- Problem to solve -
Please output only the lines running from the one that contains "потянется направляющая линия." through the last line of the data below, exactly as they stand, with no pictures.
[[ Supplied data open ]]
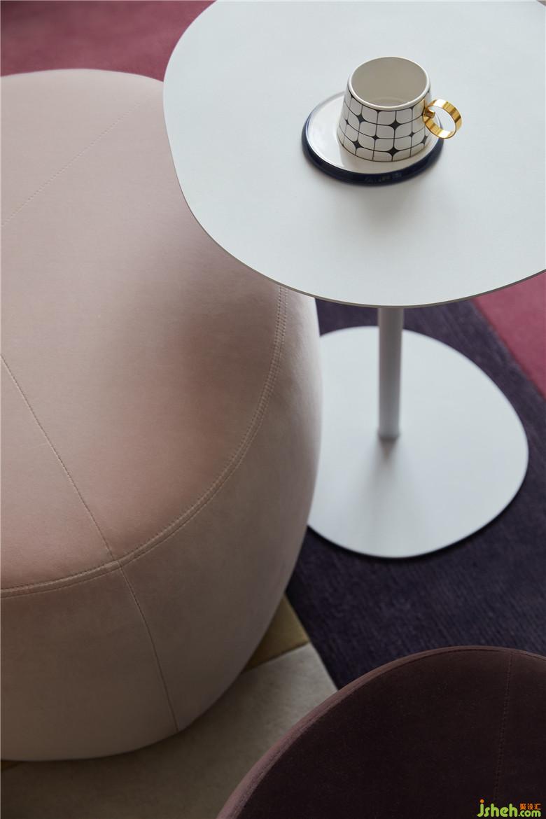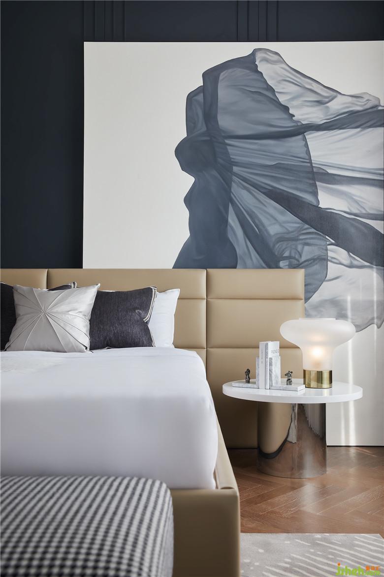 兩側床頭柜,呈現(xiàn)方中有圓、圓中有方的組合形態(tài),配合輕盈、神秘氣質的畫作,讓一抹優(yōu)雅回蕩其間。
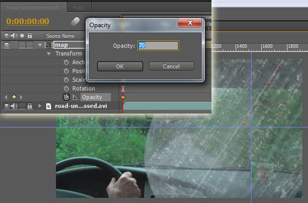 "Проехав" таким образом весь путь, вернитесь в исходную точку и перетащите файл карты на тайм-линию, расположив над видеофайлом (кстати, слой с видеофайлом теперь лучше заблокировать от греха подальше — поставьте замочек в заголовке слоя). Включите отображение линейки в окне монитора (Ctrl+R), и создайте две перекрещивающиеся guidlines (направляющие). Сделать это несложно: просто клацните мышкой по линейке и, не отпуская кнопку, тащите курсор в кадр — вслед за курсором потянется направляющая линия.
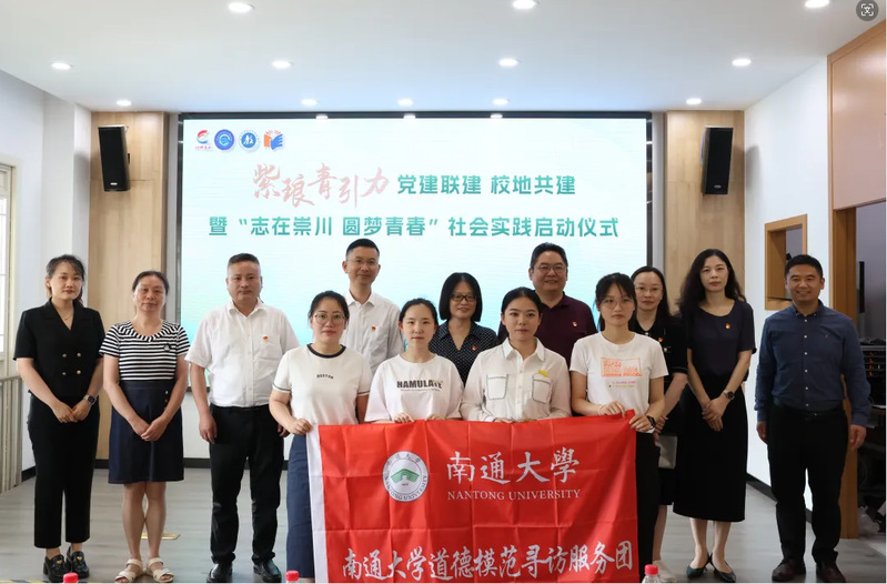 仪式上,徐红波和吴潇潇共同为AI风月 大学生校外社会实践基地揭牌,同时发布了四个“志在崇川 圆梦青春”党建联建项目,并向社会实践团队授旗,其中两支小分队做了主题宣讲。
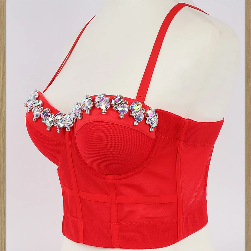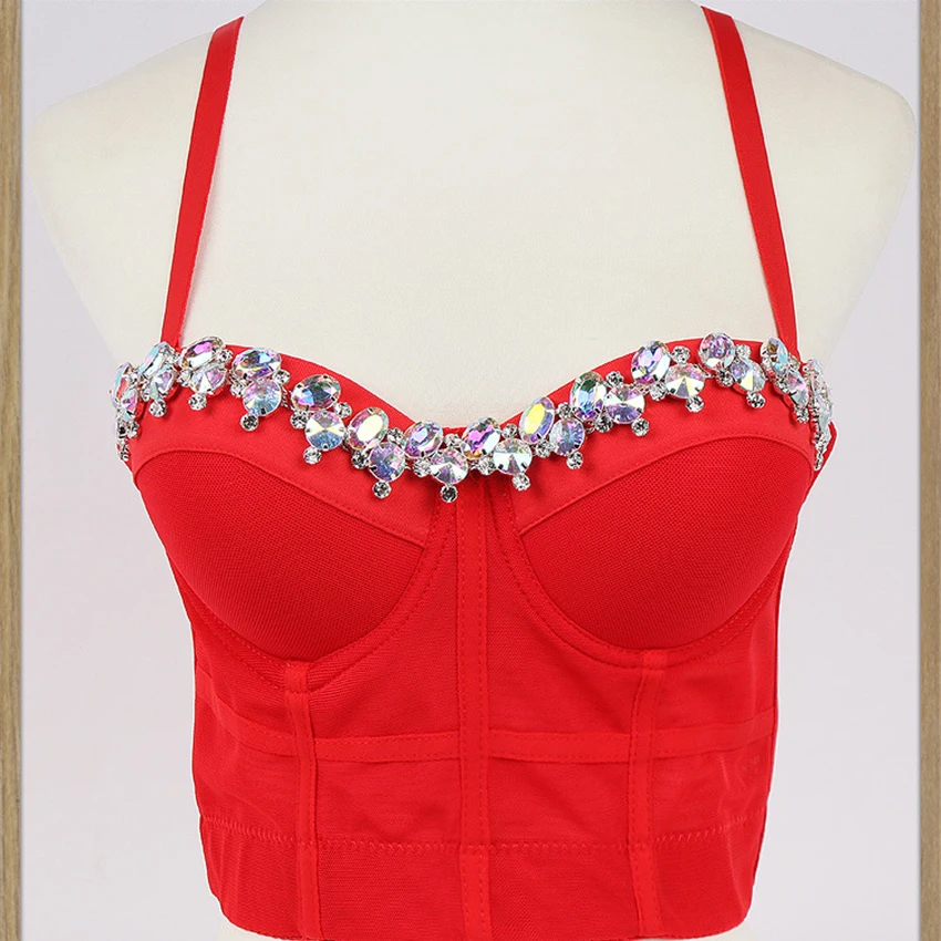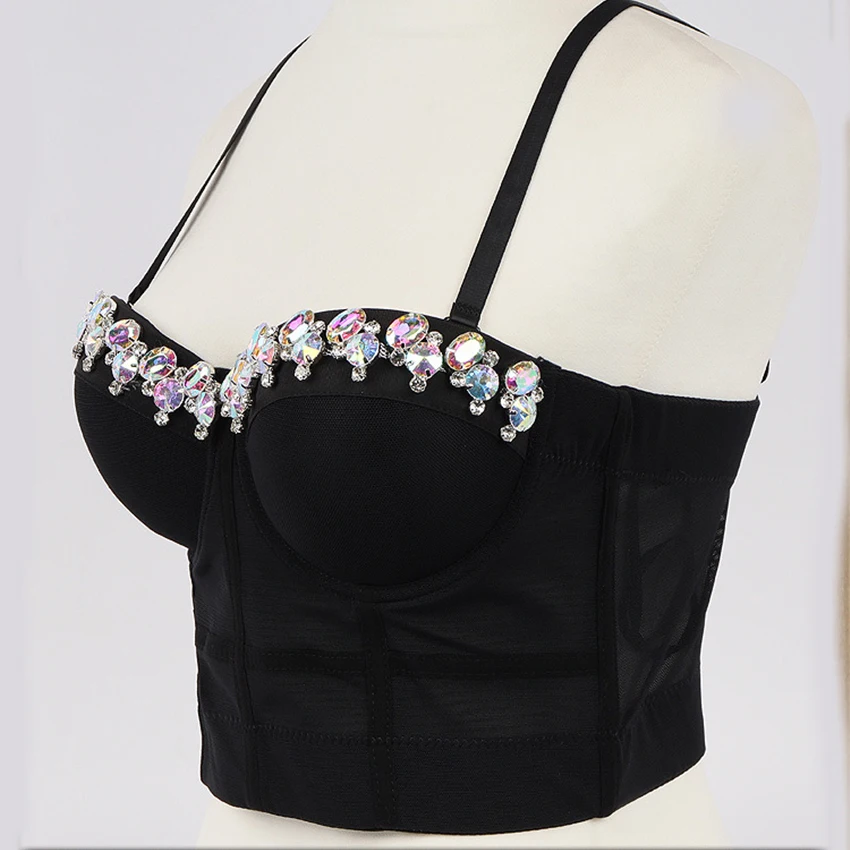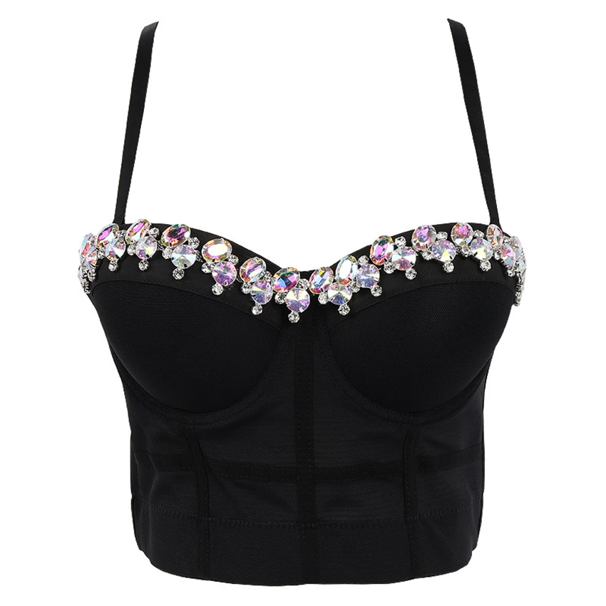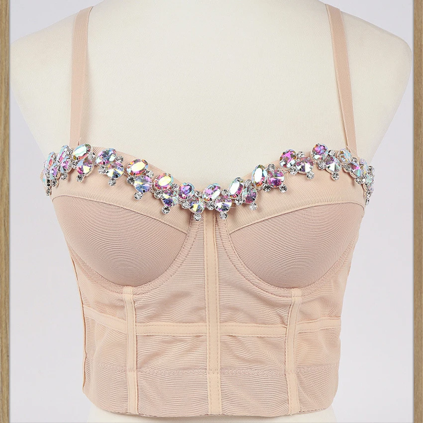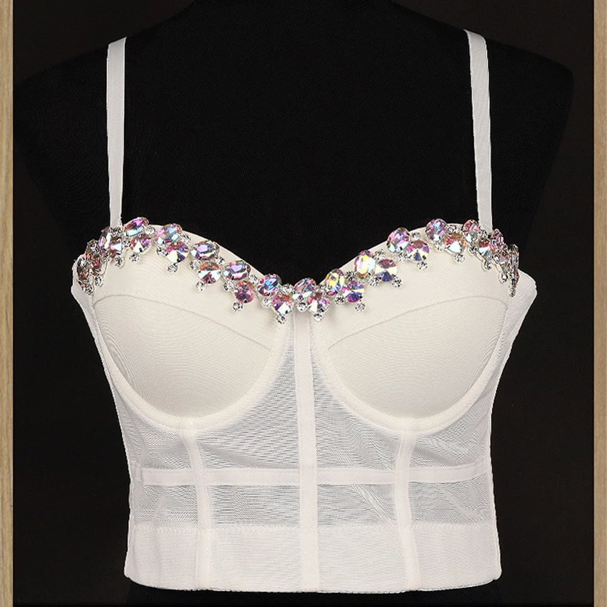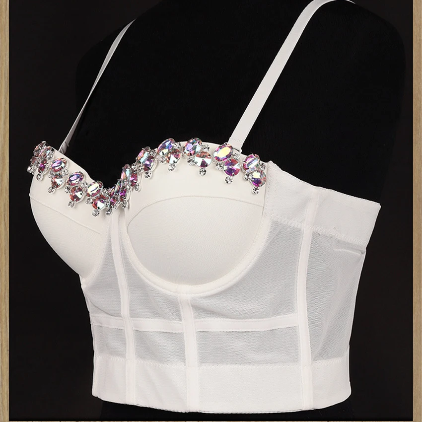Летний укороченный сексуальный корсет с открытыми плечами, топы для женщин 2021, укороченный топ с бисером и стразами для ночного клуба, пуш-ап, Camis DB1029
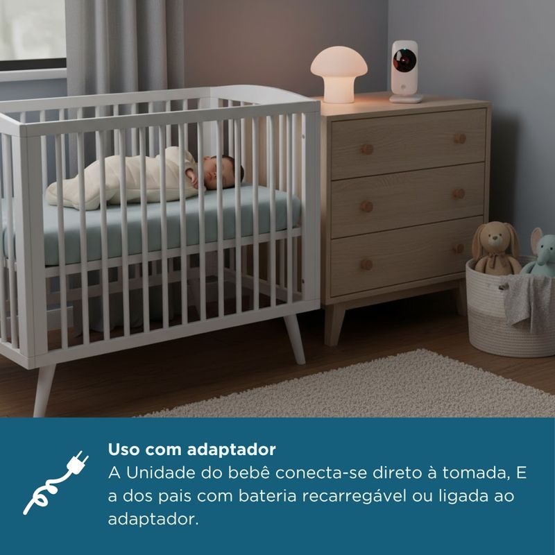 - Fonte de alimentação direta na tomada para a câmera do bebê
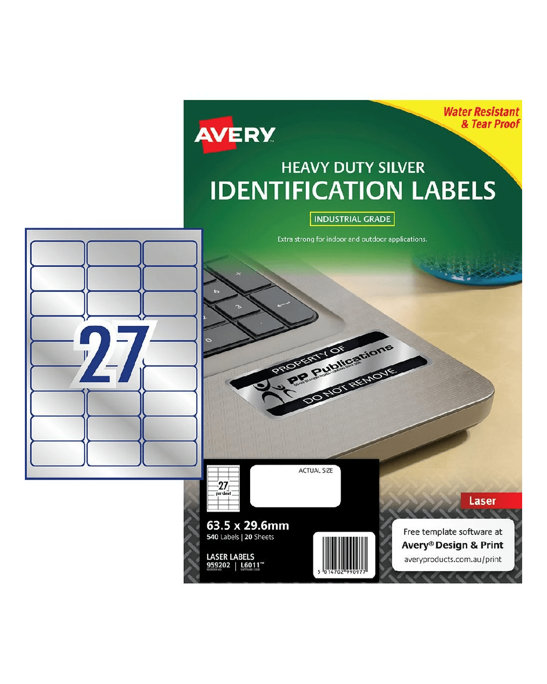 Sold by OfficeworksAvery 27UP Heavy Duty Laser Labels Silver 20 Sheets
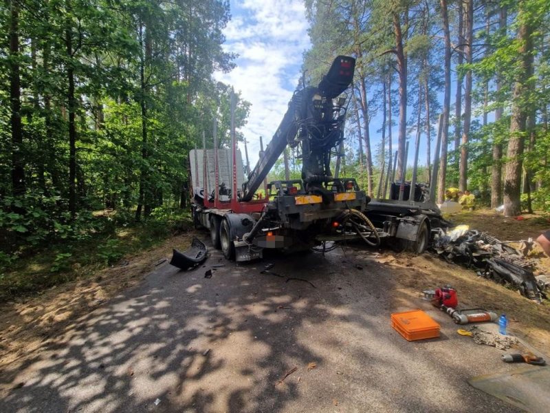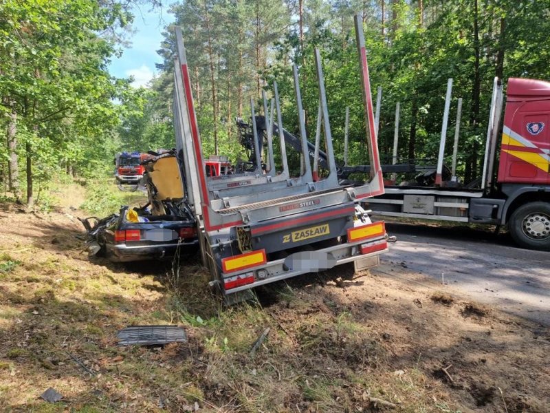Do potwornego wypadku doszło na drodze Wielbark – Mącice. Samochód osobowy zderzył się z dwoma ciężarówkami dostosowanymi do przewozu drewna z lasu. Z osobówki niewiele zostało. W wypadku ranne zostały trzy osoby. W najpoważniejszym stanie jest kobieta, która kierowała osobówką i 10-letni chłopiec.
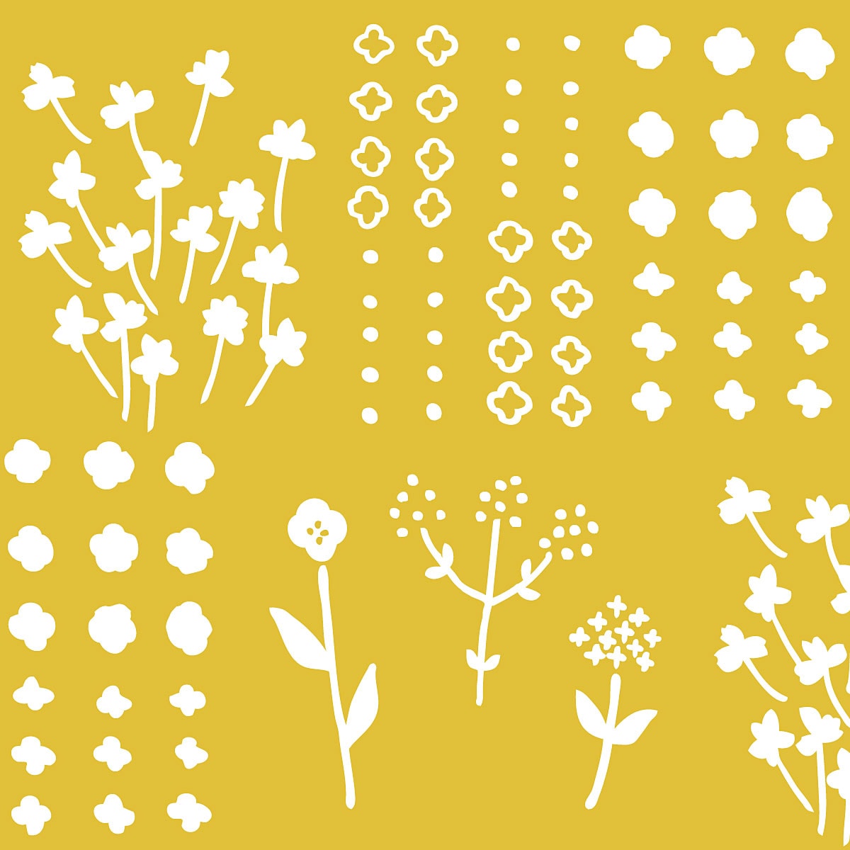 野花を摘んで丁寧に並べた押し花のイメージを、落ち着いた黄色で表現。
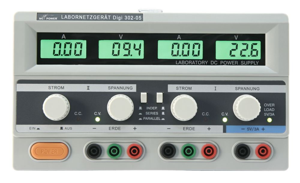 Labornetzgerät McPower ''Digi 302-12,7 cm ( 5 Zoll ), 2x 0-30V, 0-5A, 1x 5V/3A
[[ Supplied data closed ]]
- Output of the exercise -
 "Проехав" таким образом весь путь, вернитесь в исходную точку и перетащите файл карты на тайм-линию, расположив над видеофайлом (кстати, слой с видеофайлом теперь лучше заблокировать от греха подальше — поставьте замочек в заголовке слоя). Включите отображение линейки в окне монитора (Ctrl+R), и создайте две перекрещивающиеся guidlines (направляющие). Сделать это несложно: просто клацните мышкой по линейке и, не отпуская кнопку, тащите курсор в кадр — вслед за курсором потянется направляющая линия.
 仪式上,徐红波和吴潇潇共同为AI风月 大学生校外社会实践基地揭牌,同时发布了四个“志在崇川 圆梦青春”党建联建项目,并向社会实践团队授旗,其中两支小分队做了主题宣讲。
Летний укороченный сексуальный корсет с открытыми плечами, топы для женщин 2021, укороченный топ с бисером и стразами для ночного клуба, пуш-ап, Camis DB1029
 - Fonte de alimentação direta na tomada para a câmera do bebê
 Sold by OfficeworksAvery 27UP Heavy Duty Laser Labels Silver 20 Sheets
Do potwornego wypadku doszło na drodze Wielbark – Mącice. Samochód osobowy zderzył się z dwoma ciężarówkami dostosowanymi do przewozu drewna z lasu. Z osobówki niewiele zostało. W wypadku ranne zostały trzy osoby. W najpoważniejszym stanie jest kobieta, która kierowała osobówką i 10-letni chłopiec.
 野花を摘んで丁寧に並べた押し花のイメージを、落ち着いた黄色で表現。
 Labornetzgerät McPower ''Digi 302-12,7 cm ( 5 Zoll ), 2x 0-30V, 0-5A, 1x 5V/3A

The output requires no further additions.